To wit: Why does our primary system so heavily exaggerate the views of a minority of us?
We kick off the process of picking a Presidential candidate from the "out-of-the-White-House" party with caucuses in Iowa. Normally, and depending on how many candidates are running, one or two candidates drop out after the Iowa caucuses. Then we have New Hampshire, where usually an even smaller handful of front-runners survives. Now comes South Carolina, and I submit that the candidate who can't make it there either, won't normally make it anywhere.
I find these statistics from the U.S. census interesting:
- Percentage of African-Americans in these states' population: Iowa 3%, New Hampshire 1%, South Carolina 28% (that's the anomaly in all the data here).
- Percentage of Hispanics: Iowa 5%, New Hampshire 2.8%, South Carolina 5.1%.
- Percentage of U.S. Population in these states: Iowa 3%, New Hampshire 1.3%, South Carolina 4.6%. (These three states together, only about 3% of the U.S. population.)[Correction: 9%].
- Largest Cities: Des Moines Iowa, 200,000; Manchester New Hampshire, 110,000; Columbia South Carolina, 129,000. (I.e,, there are no cities in these states.)
Iowa, New Hampshire, and South Carolina may be wonderful places to live, but they represent only one dynamic of the body politic. Should they be granted such influence over who grabs the gold ring of his party's nomination, and who does not? I'd say not. This isn't a new thought, but we relegate the early winnowing process to a very small minority of voters, who are unrepresentative of the country's diversity or density.
Of course, the need for media stories drives some of the emphasis these states get. Rather than treat the results of a poll among a few thousand white party-loyalist farmers in Iowa as meaningful, the outcome should be relegated to a 100-word footnote.

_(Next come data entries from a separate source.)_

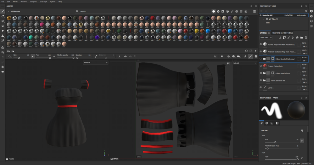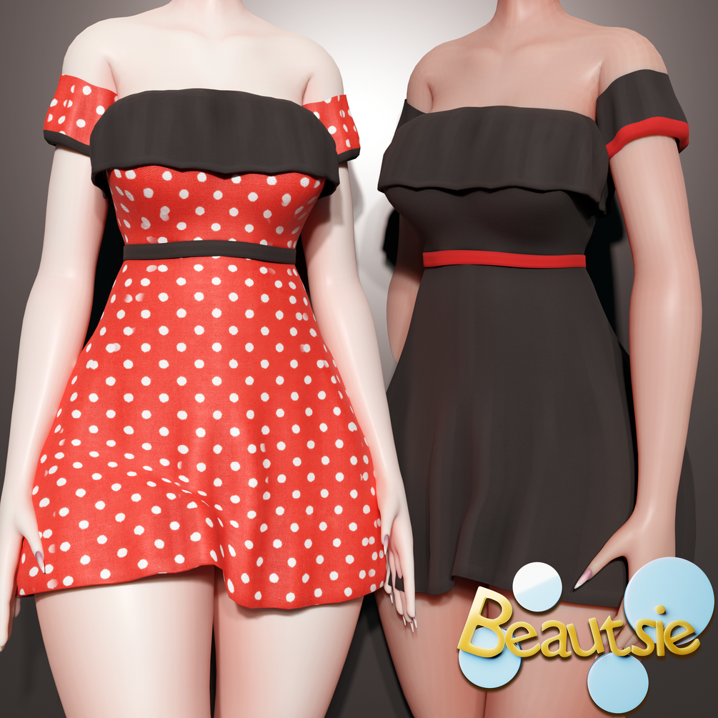 Ruffle dress with premade base assets and Substance File for you to make your own texture sets with.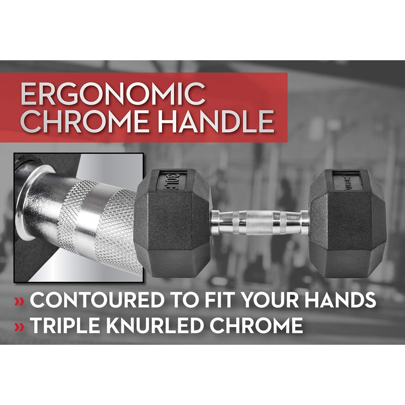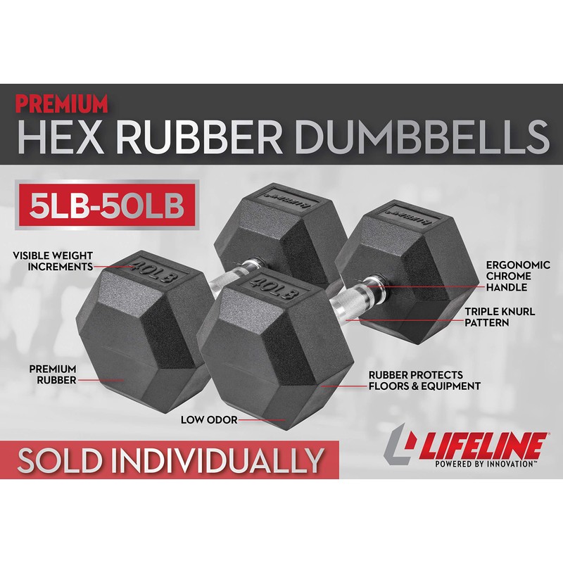 - The Lifeline Hex rubber dumbbells are sleek, stylish and versatile and available in weights from 5lbs to 50lbs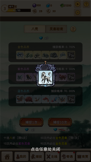 玩家们点击捕捉即可前往游戏内的地图中进行捕捉灵兽,游戏里有着超多的灵兽可以捕捉,每一个灵兽都有属于自己的技能和故事背景特色,十分帅气;

In today's world that isn't going to happen.
For my money, the political divide between us now is as much geographic as political. It's not just that more rural areas may tend to hold conservative values more dearly. Beyond that, small towns and rural areas simply don't face the same problems (I don't say they don't have problems of their own!), and therefore they do not, probably cannot, see our economy and society through the same prism as do urban populations. Yet up to 75% of us are "urban" these days. This wasn't so much a problem before politicians began to build winning strategies around urban-rural differentiation, and became hard-line, no-compromise dogmatists rather than problem-solving pragmatists.
We need a better primary system. Perhaps the start of the answer is the move, already under way, to hold a cluster of state primaries on the same day. And hopefully, they would be states of different political stripe - a tiny rural one, a largely urban one, etc.